Long before Revlon took to the stage, she was an introverted child who always felt different from those around her, she said. She was assigned male at birth and lived in the Bronx until the third grade, when her family moved to Reisterstown.
Revlon, who declined to disclose her age, said when she was growing up, no one talked about different types of sexuality or gender identity. That education came from a library book she discovered over summer break in middle school, she said. Revlon said she now identifies as a “woman of difference,” instead of transgender, a modern term that wasn’t used when she was coming of age.
While visiting friends and family in New York City in 1989, Revlon began participating in balls and joined the House of Revlon, from which she adopted her surname.
That same year, the House of Revlon held Baltimore’s first documented ball at Club Fantasy, a short-lived but storied Howard Street dance venue. Performers began traveling between New York and Baltimore to compete.
With Revlon’s help, “people really started learning that Baltimore had some talented people here,” said Bam Ebony, who serves as the overall father of the House of Ebony, a ballroom family founded in New York with more than 300 members across the world.
Ebony said he first met Revlon through the ballroom scene in New York when he was a teenager running away from a religious family.
He said she was “someone you could always talk to” during that tumultuous time in his life.
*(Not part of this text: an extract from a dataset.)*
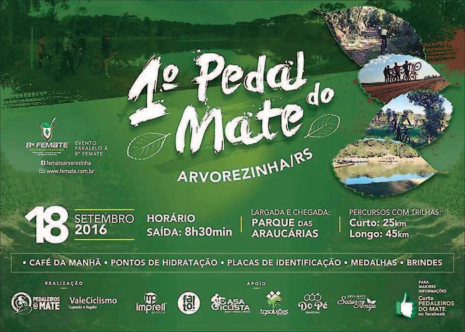 ValeCiclismo Lajeado e Região e Pedaleiros do Mate convidam para a primeira edição do Pedal do Mate. A atividade ocorre no dia 18, a partir das 8h30min, em Arvorezinha. Participantes podem percorrer trajetos de 25 ou 45 quilômetros.

Years later, they met again in Baltimore, where she came to be known as “the big mama, big auntie, big sister of ballroom.”
“You can’t come into ballroom and not know Lisa in Baltimore,” Ebony said.
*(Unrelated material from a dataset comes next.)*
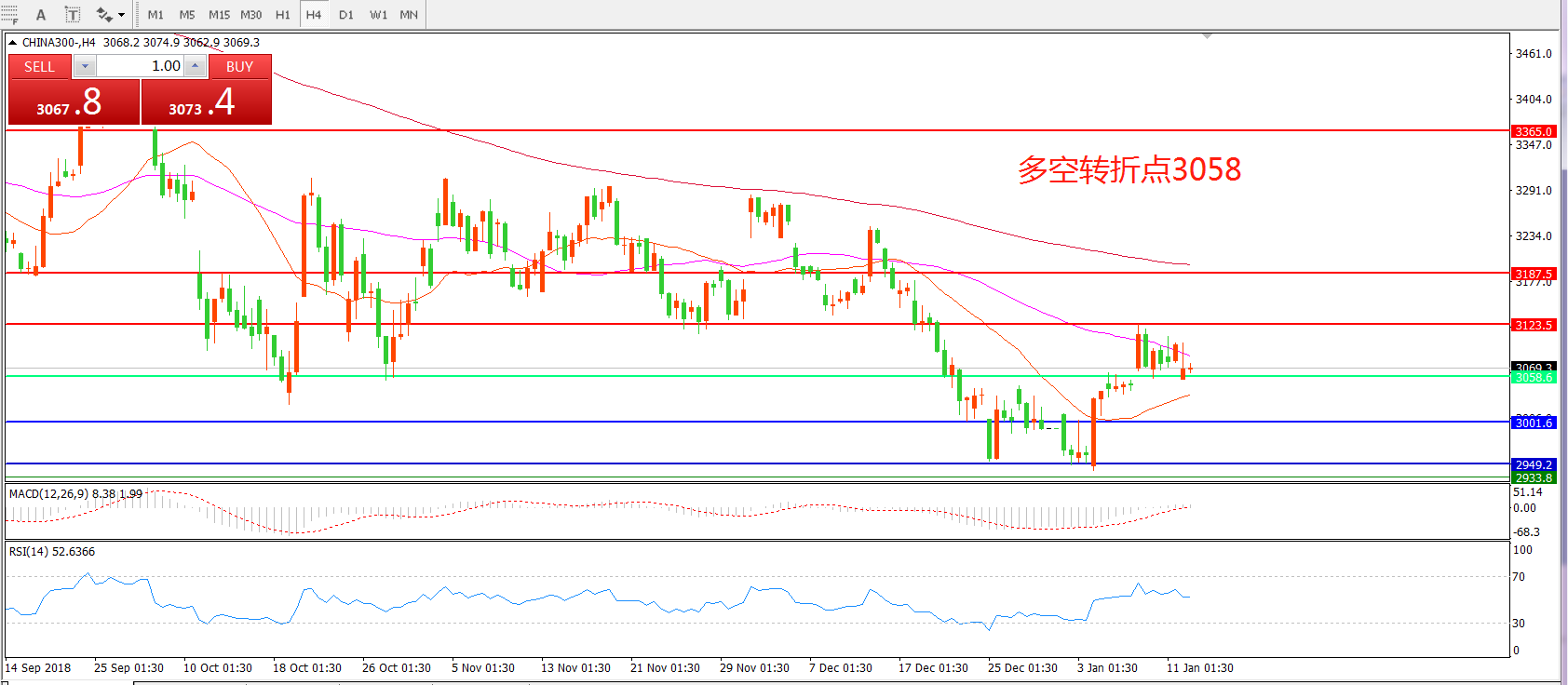 1小时图看,CHINA300中华指数收复3000后陷入整理,均线系统走平, MACD绿柱减少,短期反弹成为可能,中期仍以震荡思路对待。

Ballroom‘s hard-partying culture can often involve sex and drugs, Revlon said. After it debuted in Baltimore, some young people became addicted to drugs or contracted HIV, a fact that weighs heavily on her, she said.
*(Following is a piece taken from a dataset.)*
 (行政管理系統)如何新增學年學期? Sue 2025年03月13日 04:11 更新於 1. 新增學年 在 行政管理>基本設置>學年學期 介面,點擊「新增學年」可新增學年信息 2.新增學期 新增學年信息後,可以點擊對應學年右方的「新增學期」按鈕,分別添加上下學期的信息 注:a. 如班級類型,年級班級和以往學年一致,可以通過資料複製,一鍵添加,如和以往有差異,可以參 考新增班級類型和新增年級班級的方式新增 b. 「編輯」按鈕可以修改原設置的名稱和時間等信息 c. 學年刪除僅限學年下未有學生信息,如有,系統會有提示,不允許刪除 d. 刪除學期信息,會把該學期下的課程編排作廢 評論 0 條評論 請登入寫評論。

“I had no intentions for them to get caught up in stuff like that, but, again, it was a brand-new world and people was getting introduced to a lot of stuff they wasn’t exposed to before,” she said.
Over her lifetime, Revlon has been a wardrobe stylist, model, painter’s muse, an advocate for transgender rights, community health worker and even a drug trafficker, a role for which she had spent time in jail, court records show.
Today, Revlon describes herself as a “starving artist.” She lives in a modest two-story rowhome in Penn North, with her grandniece, her baby and a fluffy white dog. Though Revlon has never given birth, she has mothered and housed many young people trying to find their way. For a personal documentary project, she has been following neighborhood residents as they struggle with drug addiction, a disease that has claimed countless friends and family members.
Over time, ballroom has lost some of the magic that made it so special for Revlon. In her eyes, balls have become more focused on athleticism than artistry, valuing mimicry over originality. Though ballroom culture now has global reach, many clubs that once served as a safe space for queer Black Baltimoreans have shuttered, she said.
On that ballroom night in the West Baltimore community center, Revlon observed with dismay that more than half the room was empty.
But she didn’t let her disappointment show when she encountered 39-year-old Dearl Welborn in the bathroom. It had been nearly a decade since he had last vogued, he said, and wondered if he still had what it took to win.
Revlon, whom Welborn had first met as a teenager while questioning his own gender identity, gently encouraged him to follow his heart.
Armed with those comforting words, he took to the dance floor, spinning and dipping towards the judge’s table, eliciting cheers from onlookers.
After all, Revlon’s “an icon,” he said. “She’s been doing this before all of us.”